I am now watching The Bugs Bunny Road Runner Movie. Sadly, it's not really improving my mood.


amyth - Nov 10, 2011 7:29:52 am PST #5819 of 30001
And none of us deserving the cruelty or the grace -- Leonard Cohen

It totally could, the rioting at least. Imagine if Ford:Sandusky::Smith:Paterno. And I know some of Ford's falls off the wagon were brushed under the carpet. Comparing Paterno to Smith helped me understand, just a little, the feeling of betrayal (but let me be clear that the rioting students are failing at human decency, I just mean the sense of betrayal in a beloved icon).

smonster, I was JUST saying this EXACT SAME THING to N. at work and almost posted it here.
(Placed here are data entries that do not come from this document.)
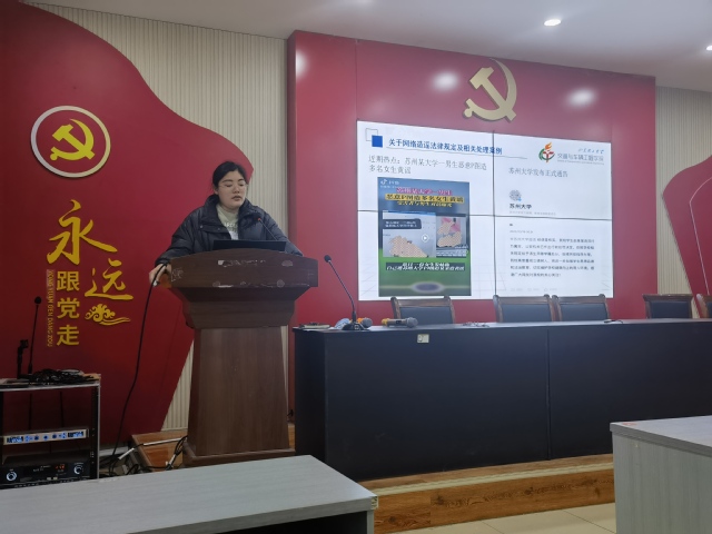 班会上,姜瑞瑞就法律知识和安全常识专题教育做出强调,并结合法律、法规和学校安全管理规章制度,依托校园典型安全事故以及社会热点案例,以防电信网络诈骗、防非法传教、防火、防盗、防溺水、防传销、防人身伤害、防交通事故等为主要内容,对学生开展安全教育。她带领同学们学习了法律知识,通过真实案例,对发生在大学生群体中常见的诈骗骗局进行分析,提醒同学们注意保护个人信息,知法懂法守法,用法律武器保护自己的合法权益。同时结合近期出现的违纪事件,以及校园周边存在的安全隐患和校园安全常识,详细分析了学生出现违纪事件的自身因素和社会因素,要求同学们吸取违纪学生教训,认真学习校规校纪,将校规校纪内化于心,外化于行;遇到问题要及时联系老师,及时疏导调整自我情绪,做心理健康、积极向上的大学生。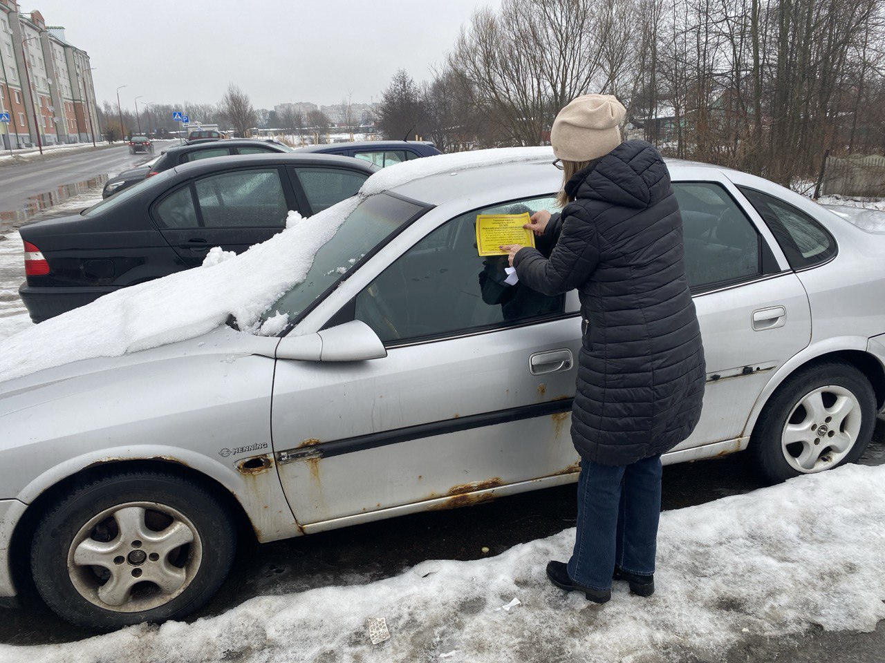 В Бресте владельцы 22 автомобилей обнаружили на стеклах желтые уведомления – это предписание убрать неэксплуатируемый транспорт.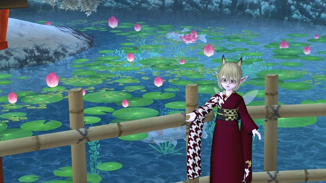 まだつぼみの睡蓮が咲き、池には黄金の鯉や亀が現れます。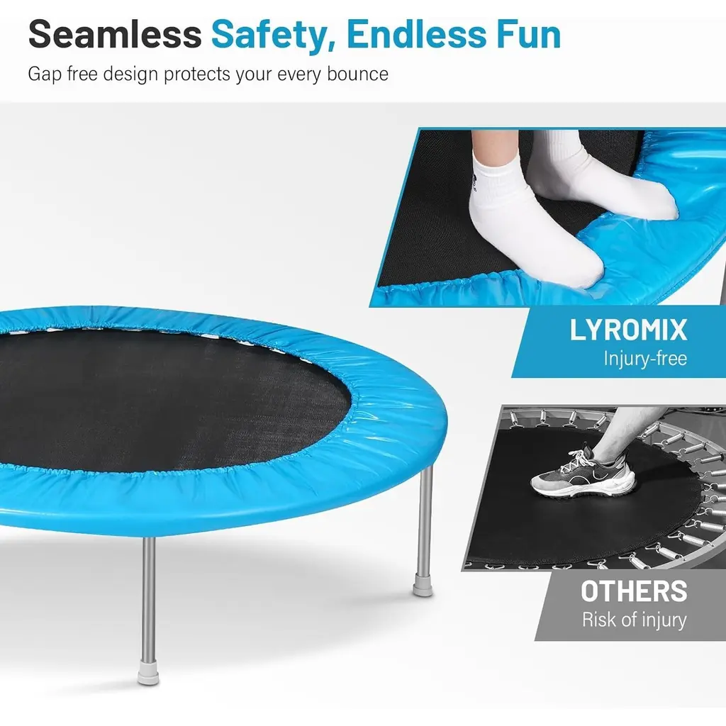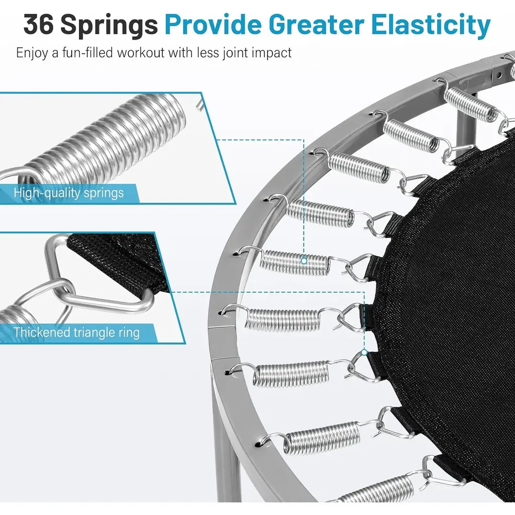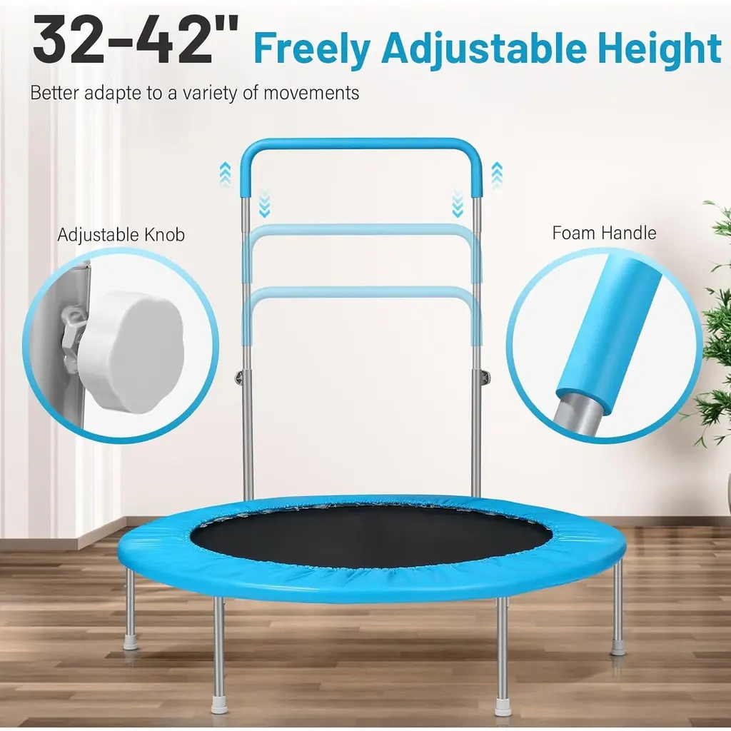 The bouncing motion of the trampoline is a very convenient way of exercise, and you can jump a few times anytime, anywhere, indoors or outdoors.For adults:you can shed pounds of fat,improve the body,strengthen the immune system,promote blood circulation,enhance lung vitality and muscle at anytime,is your ideal choice for weight loss,shaping and aerobic exercise.For kids:strengthen the immune system,improve the body,increase the body's balance ability 【Safe & Stable Support】40/48 inch small rebounder features reinforced steel frame, 36 high-tension springs, and waterproof, wear-resistant PP mat to ensure stable support and can hold up to 220 lbs, providing you a safe and enjoyable bouncing experience.【32-42" Freely Adjustable Bar】This fitness trampoline can be adjusted to different heights according to various exercise needs, offering high adaptability and is suitable for adults and children over 6 years old. The foam padding on the handle enhances comfort and safety, ensuring a firm grip even during sweaty workouts.【Gap-Free Design】Covers all gaps between springs, the 40/48" trampoline with thick safety pad can protect your feet as you jump and elevate your safety. With this thoughtful design, our small exercise trampoline offers safe, pleasurable bouncing, letting you leap with confidence.【Efficient Indoor Exercise】10 minutes of bouncing equals 30 minutes of yoga, 40 minutes of swimming or 60 minutes of jogging.If you want to work out efficiently, this mini workout trampoline for adults and kids is a great choice for combining exercise with fun to stay healthy and energized.【Versatile Use】The rebounder trampoline for adults is versatile for both indoor and outdoor use. Whether in the garden or the living room, you can always use this mini rebounder trampoline for yoga, stretching, aerobics or basic jumping exercises.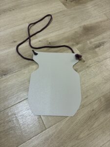 作り方:100円ショップで売っているPPシートや下敷き、ファイル等を型紙通りにカットして、パンチで穴を開けて、使う人の長さに合わせて紐を通す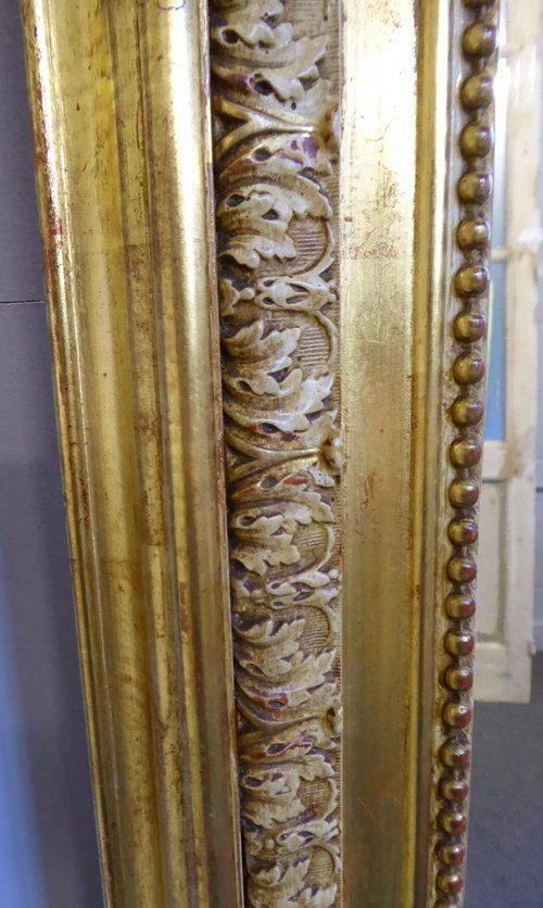 Ref 7782 - Antique French Mirror - Gilt on red Louis Philippe antique mirror with cream polished gesso decoration to frame. Original glass. Original pine board back with maker's stamp. Circa 1860.

We are psychic twins, as always. Imagine if Dean Smith hadn't retired, and was still coaching, and if this had come to light about Phil Ford. I can totally see students rioting, sadly. And what's worse, I can't even imagine it. That's how much I idolize Dean Smith. And I'm not even that rabid a sports fan. One of my good friends named her dog after him, and the guy across the hall here at work named his son after him. It just doesn't compute that he would sweep something like that under the rug, but it could happen. We don't call it the Carolina Mafia half-jokingly for nothing.

Part of what I think is going on is that the students just can't believe it. I'm not excusing their behavior, it disgusts and horrifies me, but I can see it happening here, and that makes me sad and sick.


Consuela - Nov 10, 2011 7:32:47 am PST #5820 of 30001
We are Buffistas. This isn't our first apocalypse. -- Pix

Part of what I think is going on is that the students just can't believe it.

Yeah, I've seen a number of comments about how (a) these are just allegations; and (b) we don't know what Paterno knew.

And it's true that a Grand Jury report isn't a judge's sentence, and the standard of proof isn't beyond a reasonable doubt, but it's not like this shit was made up out of whole cloth! People just don't want to believe it.


Frankenbuddha - Nov 10, 2011 7:42:01 am PST #5821 of 30001
"We are the Goon Squad and we're coming to town...Beep! Beep!" - David Bowie, "Fashion"

I want to live in a world where you don't have to be "state mandated" to report an adult raping a child to the police. Where every adult feels the same responsibility to protect kids, or anyone being abused.

Because it needs to be said over and over, though it damn well shouldn't HAVE to be.


flea - Nov 10, 2011 7:43:18 am PST #5822 of 30001
information libertarian

I've seen speculation that McQueary may have been abused by Sandusky himself as a child. That seems a long shot, but he did grow up in State College and went to school with Sandusky's kids, and I can see someone with that background walking in on the legendary and honored defensive coach he's known since he was 6 raping a little kid and being so stunned he'd question his own sanity. Like, "Can this even be? Did I just have some kind of evil hallucination?"

But, you know, probably then you decide omg this is real and call the cops.